Other: SD, email, telegram, etc management. To icorporate email (SMTP), set #define INCLUDE_SMTP to true.

When a feature is enable or disabled, the Save button should be used to persist the change, and the ESP should be rebooted using Reboot ESP button.

Motion detection by Camera

An AVI recording can be generated by the camera itself detecting motion using the motionDetect.cpp file.
JPEG images of any size are retrieved from the camera and 1 in N images are sampled on the fly for movement by decoding them to very small grayscale bitmap images which are compared to the previous sample. The small sizes provide smoothing to remove artefacts and reduce processing time.

For movement detection a high sample rate of 1 in 2 is used. When movement has been detected, the rate for checking for movement stop is reduced to 1 in 10 so that the JPEGs can be captured with only a small overhead. The Detection time ms table shows typical time in millis to decode and analyse a frame retrieved from the OV2640 camera.

Motion detection by camera is enabled by default, to disable click off Enable motion detect in Motion Detect & Recording sidebar button.

Additional options are provided on the camera index page, where:

Audio Recording

An I2S microphone eg INMP441 is supported by both ESP32 and ESP32S3. A PDM microphone eg MP34DT01 is only supported on ESP32S3. Audio recording works fine on ESP32S3 but is not viable on ESP32 as it significantly slows down the frame rate.

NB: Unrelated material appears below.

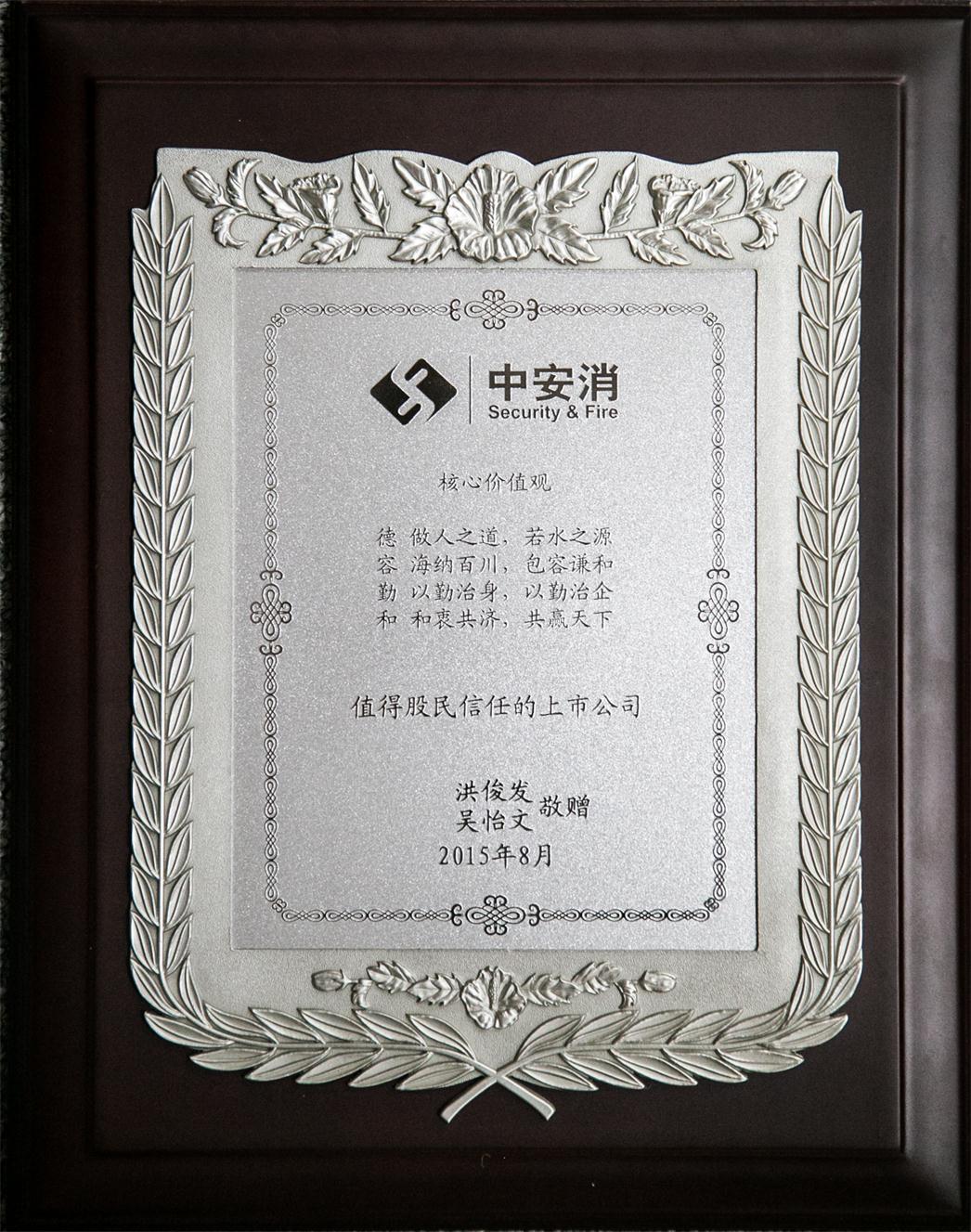 圖3,股東代表贈送的“值得股民信任的上市公司”獎牌。
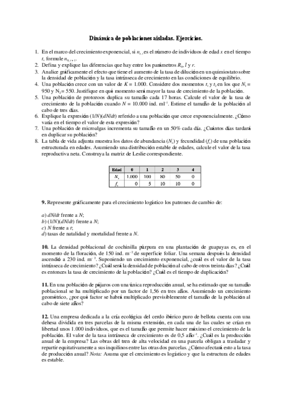 ejercicios de dinamica de poblaciones aisladas e interacciones entre especies

The audio is formatted as 16 bit single channel PCM with sample rate of 16kHz. An I2S microphone needs 3 free pins, a PDM microphone needs 2 free pins (the I2S SCK pin must be set to -1). Pin values (predefined for XIAO Sense) are set under Audio button on the configuration web page.

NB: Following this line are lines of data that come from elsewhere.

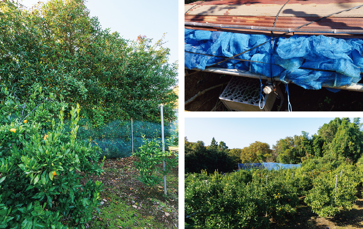 もうひとつ大変なのが冬越し準備。佐渡の風、霜、雪から樹を守るため、支柱を立てて樹全体をネットで覆うという対策を取っている。
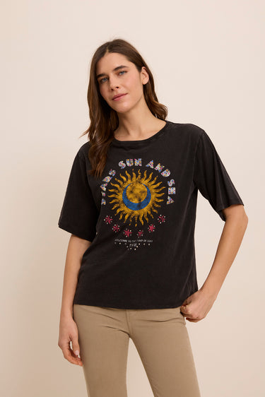 Notre mannequin porte ce tee-shirt en taille S que vous pouvez facilement associer avec une de nos jupes ou jeans.
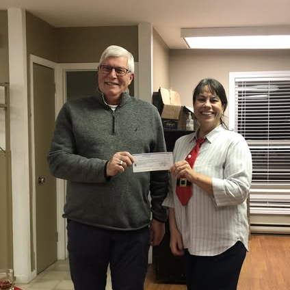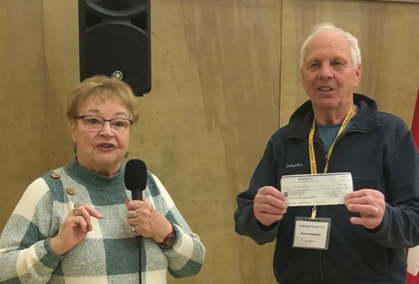 Murielle Lordon presented a cheque to Gene Anderson of the Golden Club for their invaluable support of our Christmas tree sale!
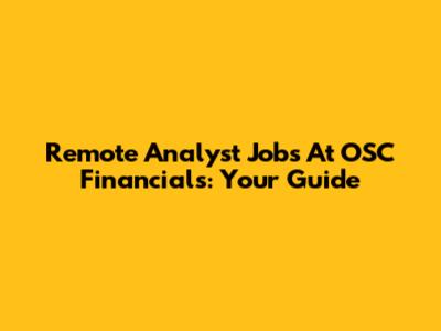 Remote Analyst Jobs At OSC Financials: Your Guide
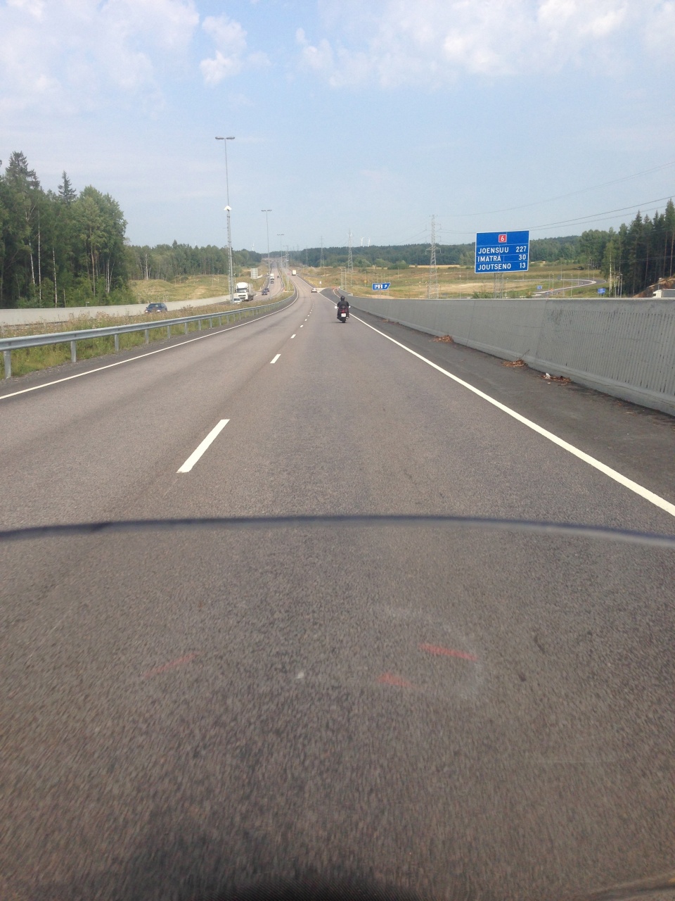 Вот дождь и закончился, выдвигаемся дальше Финский погранпост и опять очередь!!! Тут мне начал махать финский пограничник, мол проезжай по обочине к светофору. Сказано - сделано, я у же первый в очереди. Подьехал к окошку, отдал докУмент, начал снимать шлем, но пограничник остановил меня, сказав, что вроде и так похож. Я поблагодарил его и выехал за шлагбаум, все официально я на территории европейского государства
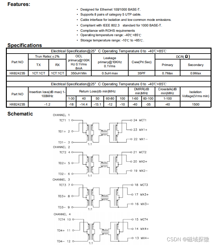 网络变压器生产工厂石门盈盛(华强盛)电子提供的带网络变压器型号: 台达国产替代SMT(贴片型) 千兆网络变压器型号: HX82423S, 对应台达产品型号为:LFE9219C-R,相关参数如后:
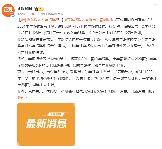 京东公告还显示,自今年7月起,采销员工的年终奖计划已正式启动升级,预计到2024年,员工的平均薪酬将达到23薪,且没有上限。到2026年,这一数字预计将进一步提升至26薪,同样不设上限。
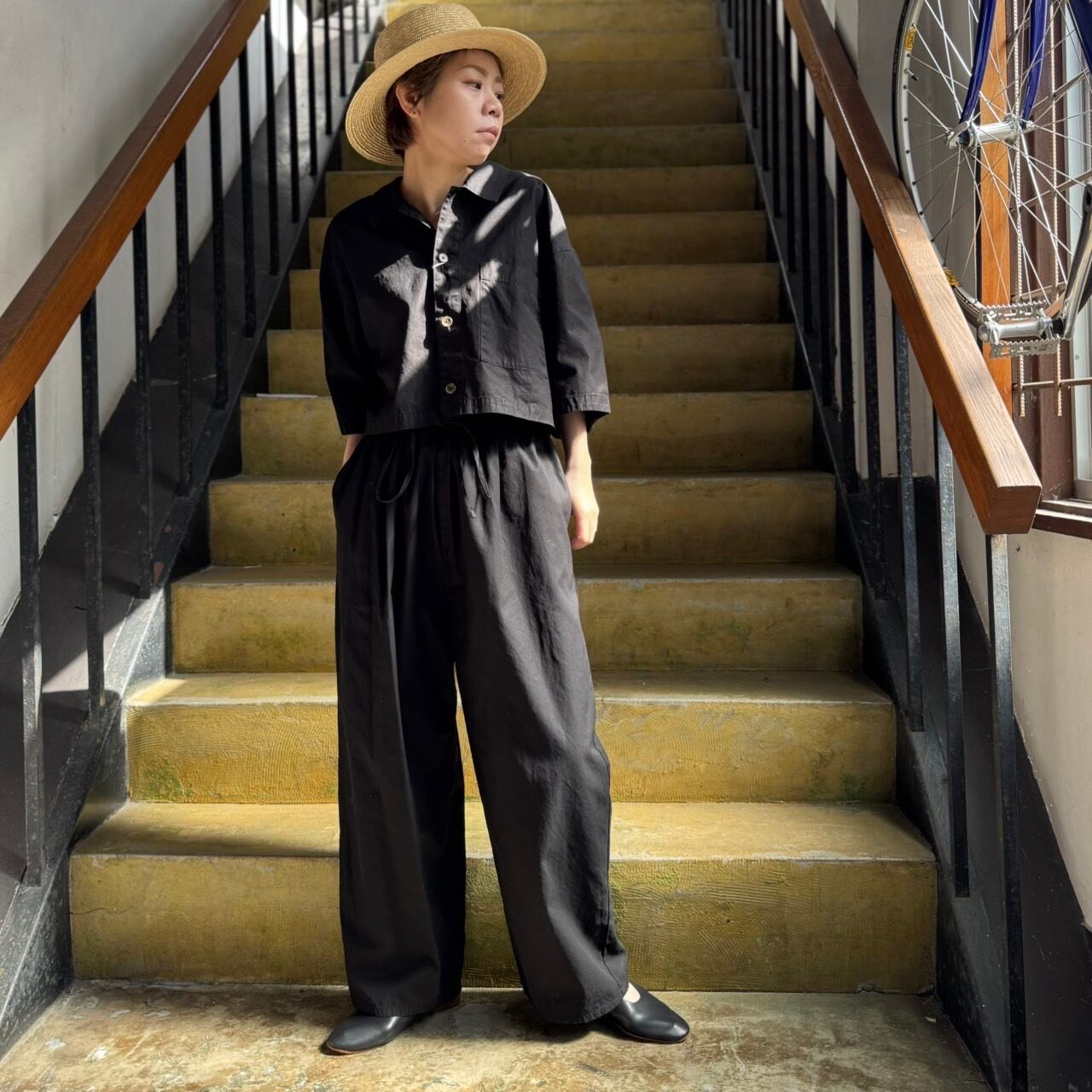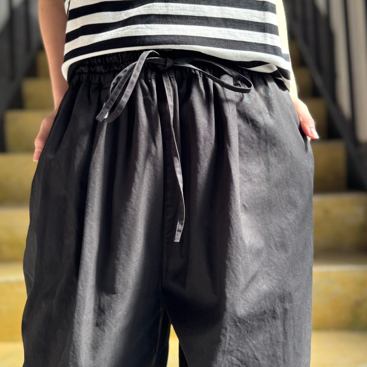 ペチパンツのようなラフさのあるイージーパンツを合わせた
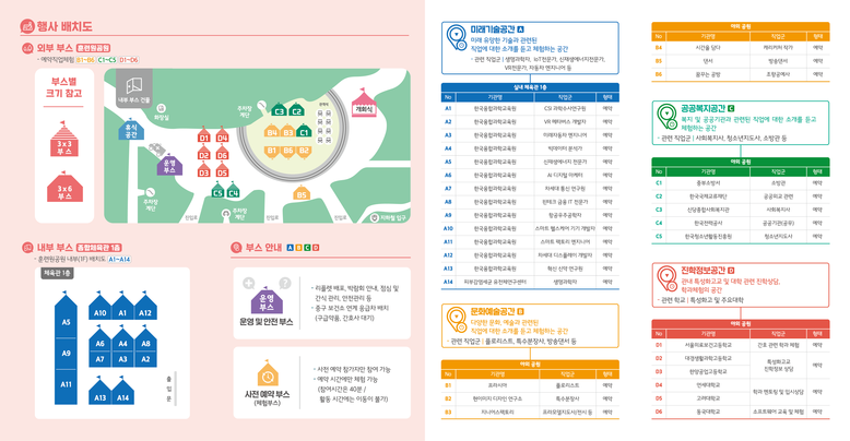 문화예술 부스에서는 프라모델지도사, 업사이클링 공예 등의 직업을, 공공복지 부스에서는 공공외교 전문가, 사회복지사 등의 직업을 알아볼 수 있다. 연세대, 고려대, 동국대와 관내 특성화 고교가 참여하는 진학정보 부스에서는 대학 및 특성화고교 관련 진학상담과 함께 학과 체험을 해 볼 수 있다.

The web page has a slider for Microphone Gain. The higher the value the higher the gain for ESP microphone. Selecting 0 cancels the microphone.

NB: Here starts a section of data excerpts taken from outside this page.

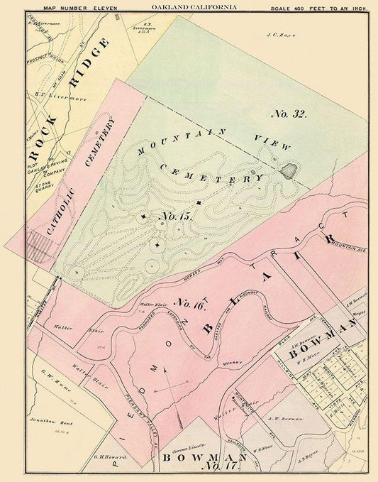 Oakland, 4th And 6th Wards California Landowner White Modern Wood Framed Art Print with Double Matting by Thompson
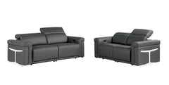 1126 - Top Grain Power Reclining Italian Leather Sofa And Loveseat - Dark Gray
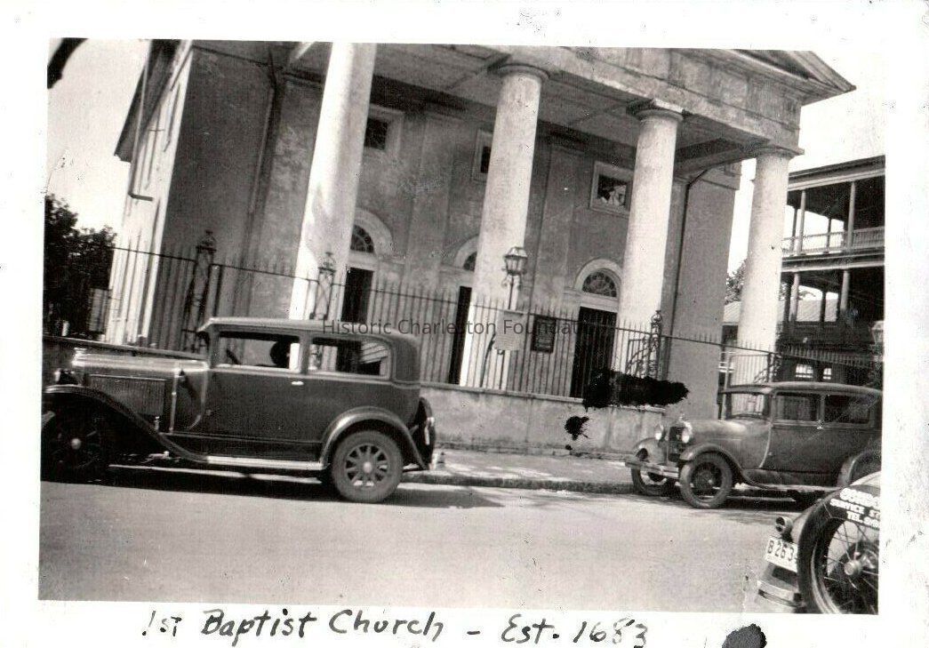 c: First Baptist Church seen from across the street. Cars parked in front. Captioned "1st Baptist Church, est. 1683."

The Speaker icon button on the web page can be used to listen to the microphone from the browser.

To incorporate, set #define INCLUDE_AUDIO to true.

Intercom

The intercom feature allows two way conversation between an ESP32 with microphone and amplifier / speaker installed and the device hosting the app web page where the browser has access to the host device microphone and speaker. Access to the device microphone may have security constraints, see audio.cpp. This feature is only viable on an ESP32S3 and needs a good WiFi connection and spatial separation at both ends to prevent a feedback loop.

An I2S amplifier needs 1 free pin on the ESP32S3 if an I2S microphone is installed as they can share the clock pins. Pin values are set under Audio button on the configuration web page.

The web page has a slider for Amplifier Volume. The higher the value the higher the volume for ESP speaker. Selecting 0 cancels the speaker.

On the left side on the main web page are icons for browser device microphone and speaker. Selecting the icon (if not grayed out) activates the browser microphone or speaker.

OV5640

The OV5640 pinout is compatible with boards designed for the OV2640 but the voltage supply is too high for the internal 1.5V regulator, so the camera overheats unless a heat sink is applied.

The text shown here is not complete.